Nest, a Google-owned company that manufactures internet-connected home devices, cautioned users Wednesday against joining the growing list of customers to have their “smart” products hacked due to exercising poor security practices.
Owners of Nest products including the company’s popular home security cameras received the warning in an email sent by the company, following a rash of recent incidents in which customers complained of being harassed and tormented as a result of compromised devices.
“We’re reaching out to assure you that Nest security has not been breached or compromised,” wrote Rishi Chandra, Nest’s general manager. “For context, even though Nest was not breached, customers may be vulnerable because their email addresses and passwords are freely available on the internet.
“If a website is compromised, it’s possible for someone to gain access to user email addresses and passwords, and from there, gain access to any accounts that use the same login credentials,” Mr. Chandra said. “For example, if you use your Nest password for a shopping site account and the site is breached, your login information could end up in the wrong hands. From there, people with access to your credentials can cause the kind of issues we’ve seen recently.”
Nest users can prevent being hacked by practicing security measures such as using strong, unique passwords to secure their accounts, enabling two-step verification and ensuring their routers are running updated software, Mr. Chandra wrote.
“We take protecting our users’ security very seriously. For added password security, the team looks across the internet to identify breaches and when compromised accounts are found, we alert you and temporarily disable access. We also prevent the use of passwords that appear on known compromised lists,” he added.
“While we can’t stop password breaches across the internet, we’re committed to limiting the impact of compromised credentials on Nest Accounts.”
Nest’s warning came on the heels of several reports involving customers who recalled having their homes digitally invaded by hackers who managed to commandeer their internet-connected cameras by leveraging previously compromised log-in credentials — a tactic colloquially known as “credential stuffing.”
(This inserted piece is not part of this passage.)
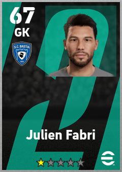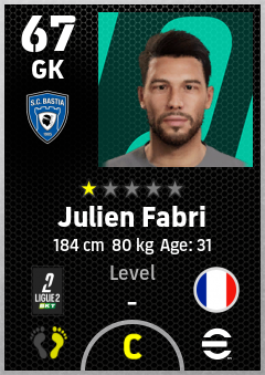 . Julien Fabri is a Goalkeeper footballer from France who plays for Sc Bastia in eFootball 2026.
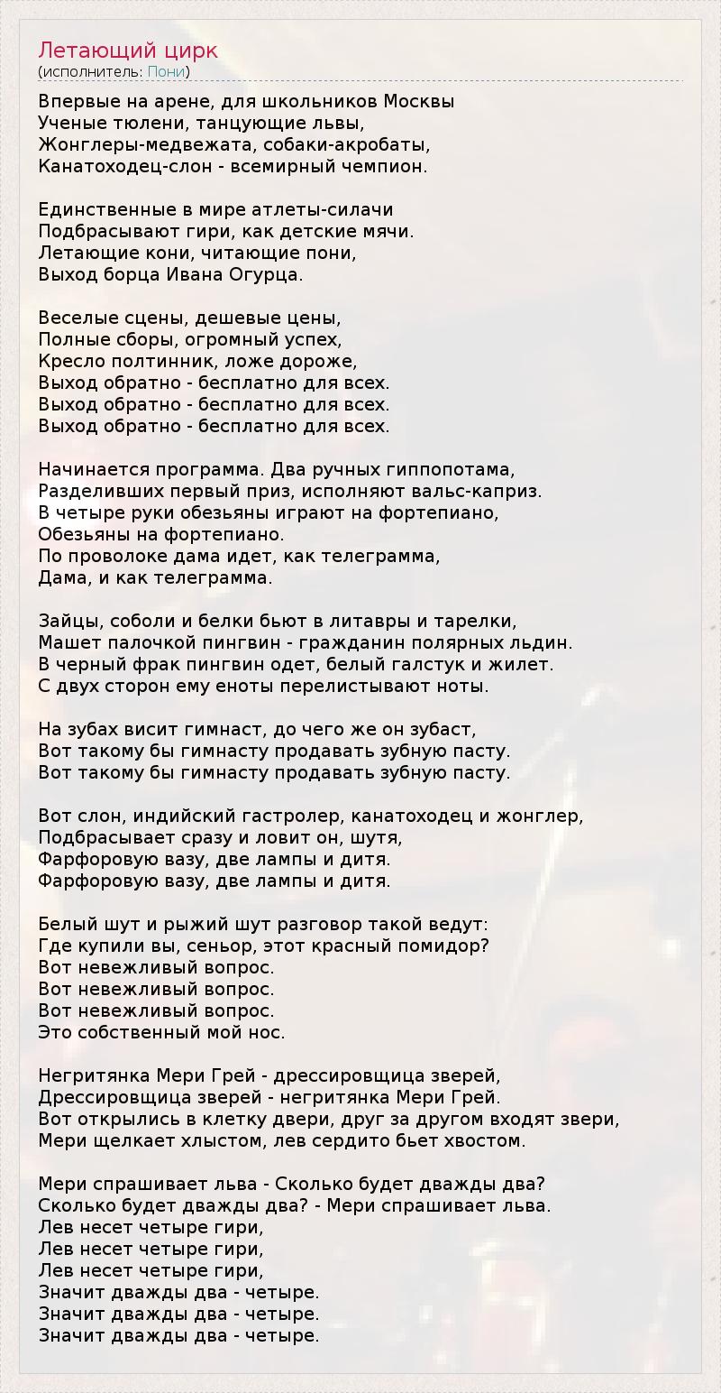 Впервые на арене, для школьников Москвы Ученые тюлени, танцующие львы, Жонглеры-медвежата, собаки-акробаты, Канатоходец-слон - всемирный чемпион. Единственные в мире атлеты-силачи Подбрасывают гири, как детские мячи. Летающие кони, читающие пони, Выход борца Ивана Огурца. Веселые сцены, дешевые цены, Полные сборы, огромный успех, Кресло полтинник, ложе дороже, Выход обратно - бесплатно для всех. Выход обратно - бесплатно для всех. Выход обратно - бесплатно для всех. Начинается программа. Два ручных гиппопотама, Разделивших первый приз, исполняют вальс-каприз. В четыре руки обезьяны играют на фортепиано, Обезьяны на фортепиано. По проволоке дама идет, как телеграмма, Дама, и как телеграмма. Зайцы, соболи и белки бьют в литавры и тарелки, Машет палочкой пингвин - гражданин полярных льдин. В черный фрак пингвин одет, белый галстук и жилет. С двух сторон ему еноты перелистывают ноты. На зубах висит гимнаст, до чего же он зубаст, Вот такому бы гимнасту продавать зубную пасту. Вот такому бы гимнасту продавать зубную пасту. Вот слон, индийский гастролер, канатоходец и жонглер, Подбрасывает сразу и ловит он, шутя, Фарфоровую вазу, две лампы и дитя. Фарфоровую вазу, две лампы и дитя. Белый шут и рыжий шут разговор такой ведут: Где купили вы, сеньор, этот красный помидор? Вот невежливый вопрос. Вот невежливый вопрос. Вот невежливый вопрос. Это собственный мой нос. Негритянка Мери Грей - дрессировщица зверей, Дрессировщица зверей - негритянка Мери Грей. Вот открылись в клетку двери, друг за другом входят звери, Мери щелкает хлыстом, лев сердито бьет хвостом. Мери спрашивает льва - Сколько будет дважды два? Сколько будет дважды два? - Мери спрашивает льва. Лев несет четыре гири, Лев несет четыре гири, Лев несет четыре гири, Значит дважды два - четыре. Значит дважды два - четыре. Значит дважды два - четыре.

In Chicago, local news outlets reported last month about a family that said their Nest cameras and thermostat were hacked by someone who used them to broadcast racial slurs and remotely adjust the home’s temperature, respectively.
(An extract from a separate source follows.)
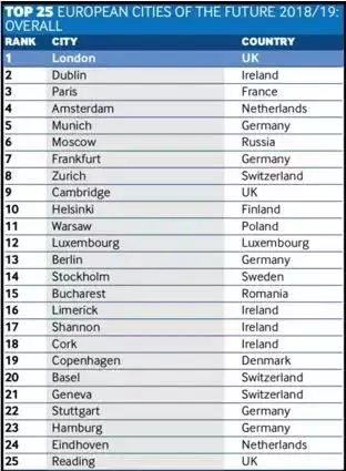 在金融時(shí)報(bào)發(fā)布的《歐洲未來城市2018/19年外商直接投資指數(shù)(Financial Times Foreign Direct Investment Index for European Cities of the Future 2018/19)》中,愛爾蘭有四座城市上榜前25強(qiáng),其中都柏林在該排名中坐擁第二,僅次于倫敦。另外三大愛爾蘭熱門投資城市利默里克、香農(nóng)和科克分別位列榜單16-18位。

“I couldn’t believe that these devices that I had put up in my home to watch over it, my family, were now being used against me,” Arjun Sud told the local NBC affiliate.
San Jose’s Mercury News similarly reported days earlier about a California woman who said she was subjected to “five minutes of sheer terror” as a result of a similar prank in which a hacker used her home Nest camera to remotely broadcast a bogus message about a purposed intercontinental ballistic missile attack coming from North Korea.
“It warned that the United States had retaliated against Pyongyang and that people in the affected areas had three hours to evacuate,” said Laura Lyons. “It sounded completely legit, and it was loud and got our attention right off the bat.”
Launched in 2010 by a former Apple engineer, Nest was acquired by Google in 2014 for $3.2 billion. It was subsequently operated as a subsidiary of Alphabet Inc., Google’s parent company, prior to merging with Google’s home devices team in 2018.
Nest products, including cameras, thermostats, doorbells and smoke and carbon monoxide alarms, among other devices, were sold in 21 products as of 2018, according to the company.